Top of SOURCE MATERIAL
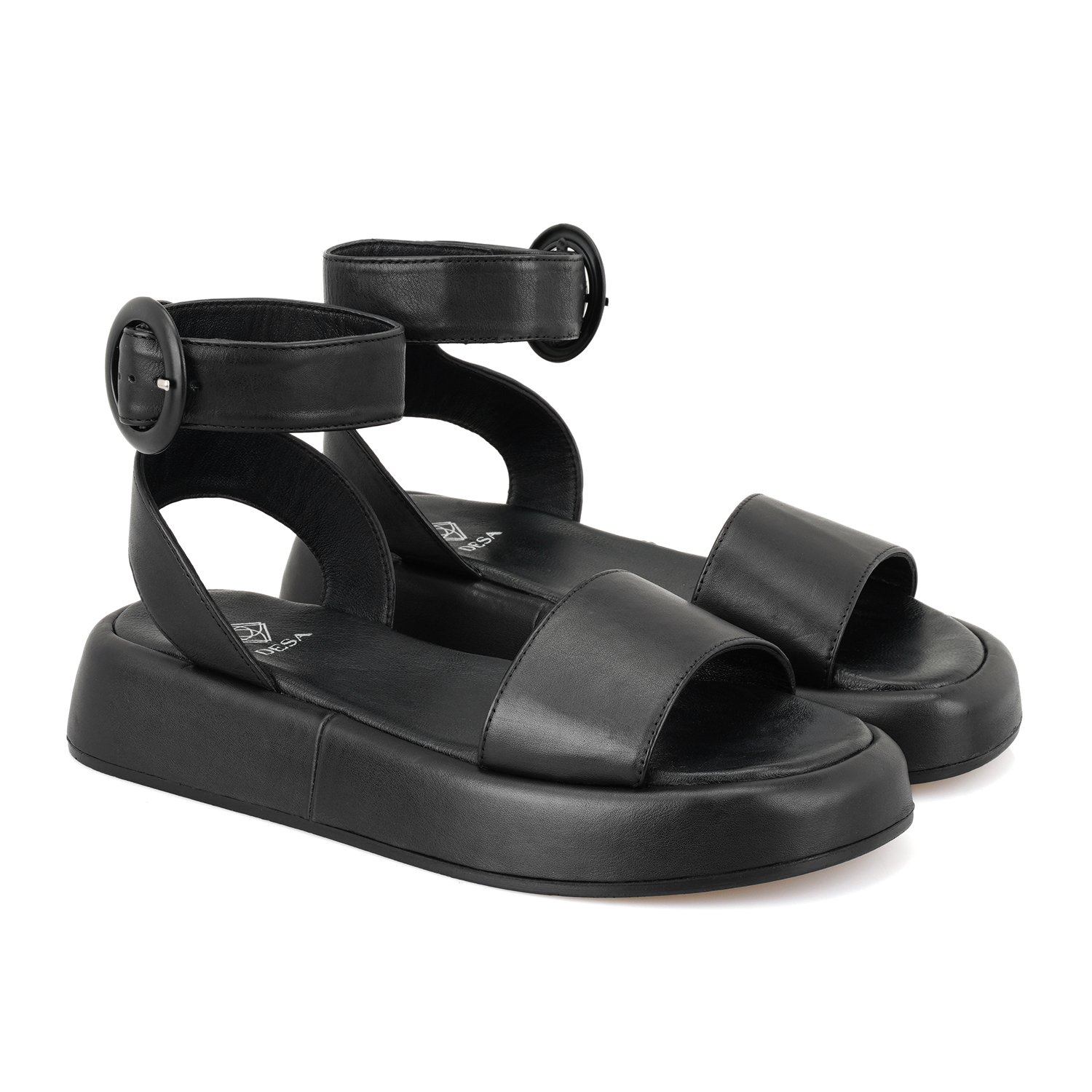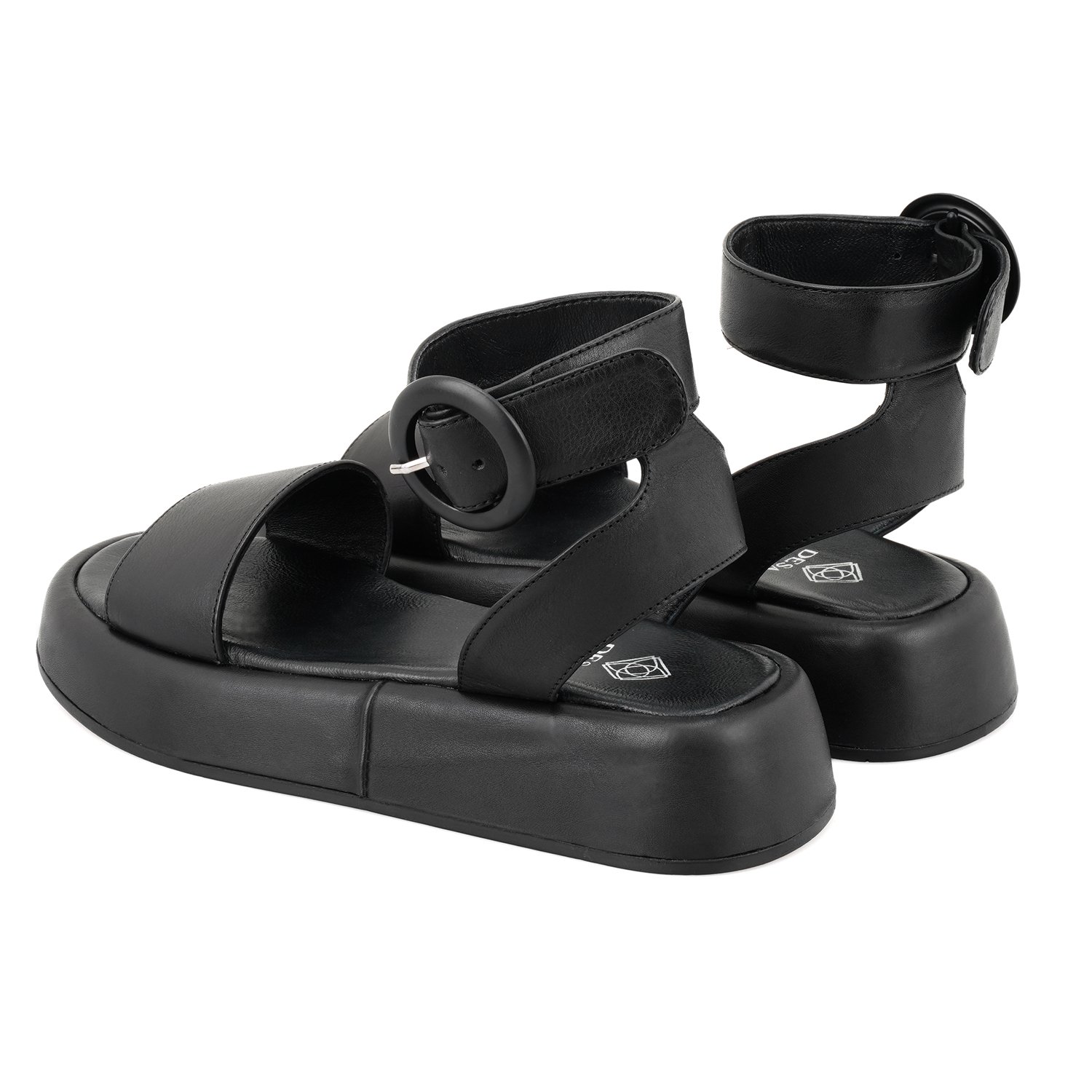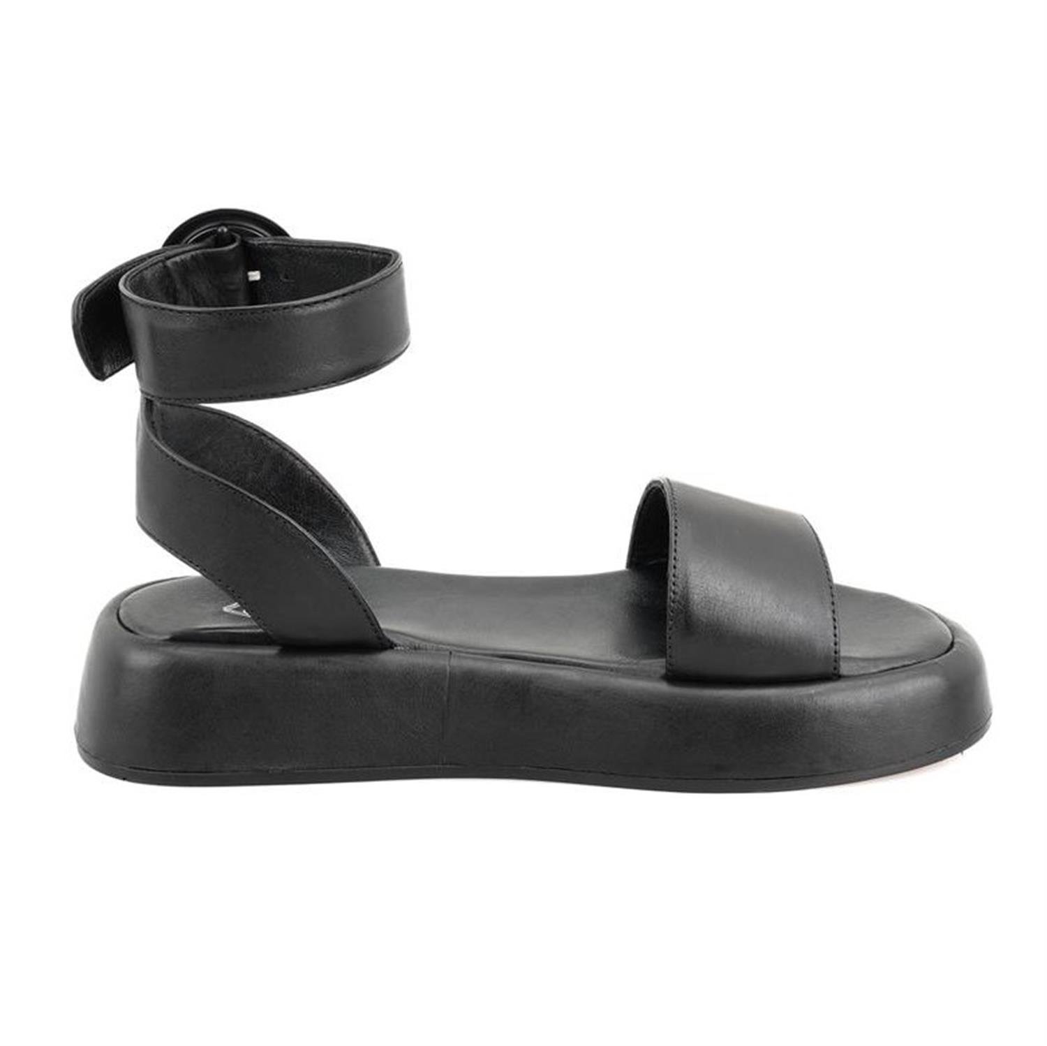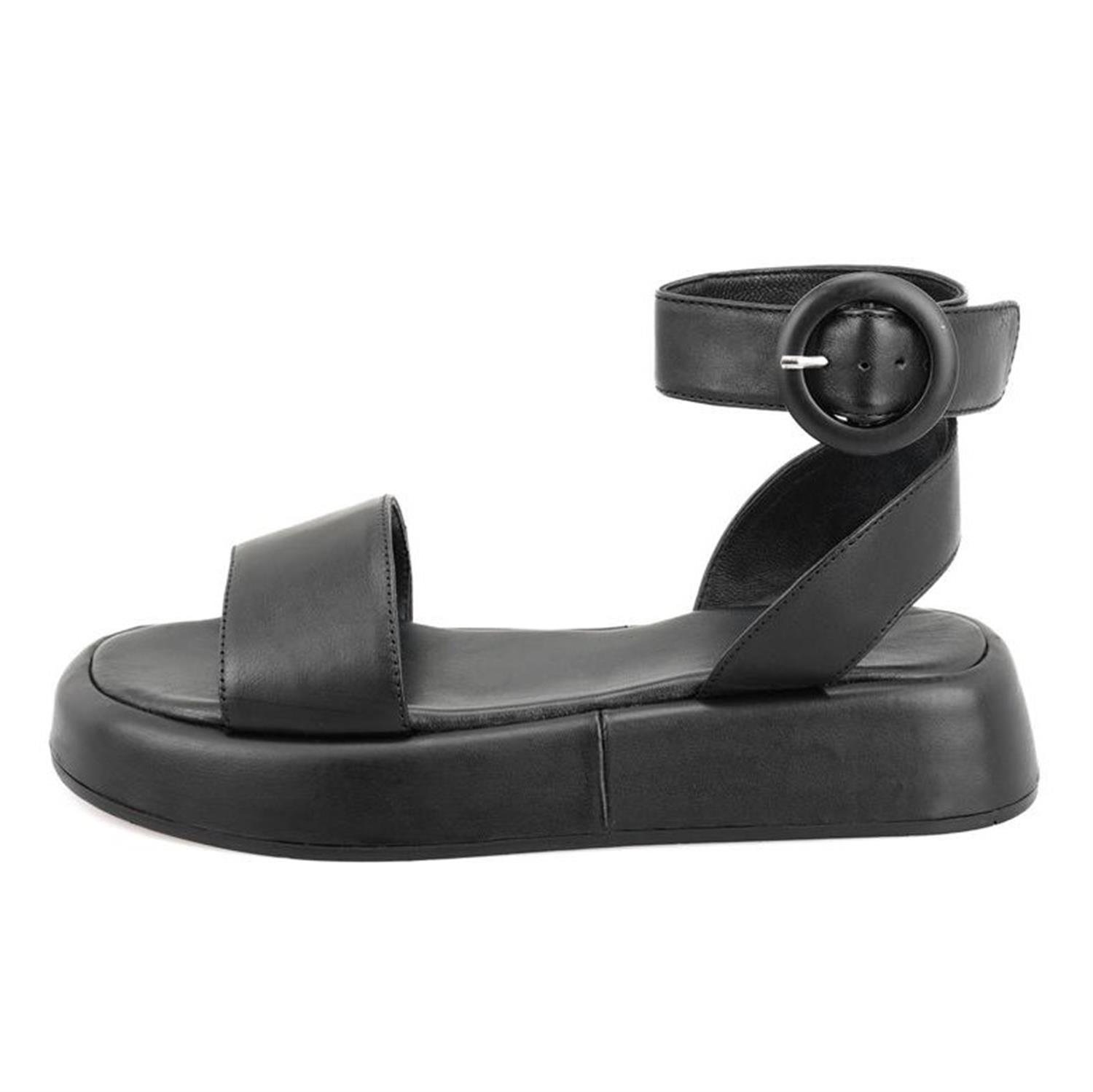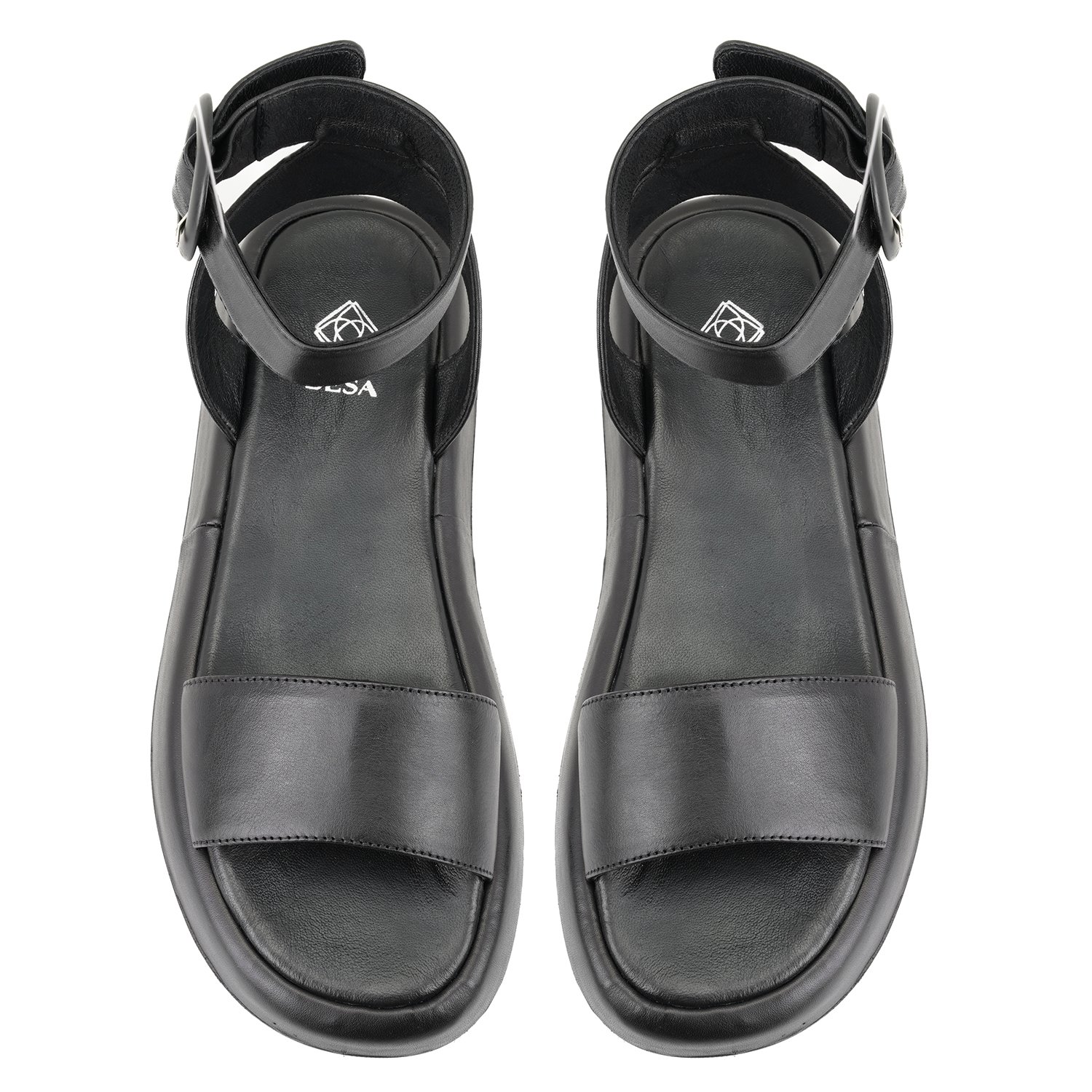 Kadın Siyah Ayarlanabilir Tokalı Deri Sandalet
Bottom of SOURCE MATERIAL
Top of SOURCE MATERIAL
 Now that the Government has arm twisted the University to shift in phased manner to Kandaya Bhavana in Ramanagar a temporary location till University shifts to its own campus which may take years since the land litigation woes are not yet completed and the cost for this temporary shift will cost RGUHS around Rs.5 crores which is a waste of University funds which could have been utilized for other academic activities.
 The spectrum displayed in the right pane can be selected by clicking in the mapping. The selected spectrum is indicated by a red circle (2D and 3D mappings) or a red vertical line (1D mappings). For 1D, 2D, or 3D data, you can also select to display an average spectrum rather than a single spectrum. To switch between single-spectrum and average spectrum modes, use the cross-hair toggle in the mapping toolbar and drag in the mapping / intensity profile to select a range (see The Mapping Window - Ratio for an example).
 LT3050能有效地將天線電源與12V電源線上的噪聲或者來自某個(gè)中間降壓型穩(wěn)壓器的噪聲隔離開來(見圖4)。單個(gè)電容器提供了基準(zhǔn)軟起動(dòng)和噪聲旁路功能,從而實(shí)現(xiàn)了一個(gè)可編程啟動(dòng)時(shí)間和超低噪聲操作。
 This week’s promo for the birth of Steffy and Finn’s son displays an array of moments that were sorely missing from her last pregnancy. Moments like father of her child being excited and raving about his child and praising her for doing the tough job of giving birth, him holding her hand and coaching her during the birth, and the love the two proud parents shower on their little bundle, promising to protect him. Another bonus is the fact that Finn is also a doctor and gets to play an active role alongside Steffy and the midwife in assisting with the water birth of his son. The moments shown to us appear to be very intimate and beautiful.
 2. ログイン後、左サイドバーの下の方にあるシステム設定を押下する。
Bottom of SOURCE MATERIAL
Top of SOURCE MATERIAL
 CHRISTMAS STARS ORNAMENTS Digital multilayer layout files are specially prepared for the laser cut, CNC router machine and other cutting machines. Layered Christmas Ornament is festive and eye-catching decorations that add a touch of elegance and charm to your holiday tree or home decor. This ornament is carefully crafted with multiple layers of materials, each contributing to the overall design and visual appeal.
Bottom of SOURCE MATERIAL
Set down precisely the lines above between the line holding "LT3050能有效地將天線電" and the line holding "2. ログイン後、左サイドバーの下の方にあるシステム設定を押下する。", inclusive, and nothing beyond them.

 LT3050能有效地將天線電源與12V電源線上的噪聲或者來自某個(gè)中間降壓型穩(wěn)壓器的噪聲隔離開來(見圖4)。單個(gè)電容器提供了基準(zhǔn)軟起動(dòng)和噪聲旁路功能,從而實(shí)現(xiàn)了一個(gè)可編程啟動(dòng)時(shí)間和超低噪聲操作。
 This week’s promo for the birth of Steffy and Finn’s son displays an array of moments that were sorely missing from her last pregnancy. Moments like father of her child being excited and raving about his child and praising her for doing the tough job of giving birth, him holding her hand and coaching her during the birth, and the love the two proud parents shower on their little bundle, promising to protect him. Another bonus is the fact that Finn is also a doctor and gets to play an active role alongside Steffy and the midwife in assisting with the water birth of his son. The moments shown to us appear to be very intimate and beautiful.
 2. ログイン後、左サイドバーの下の方にあるシステム設定を押下する。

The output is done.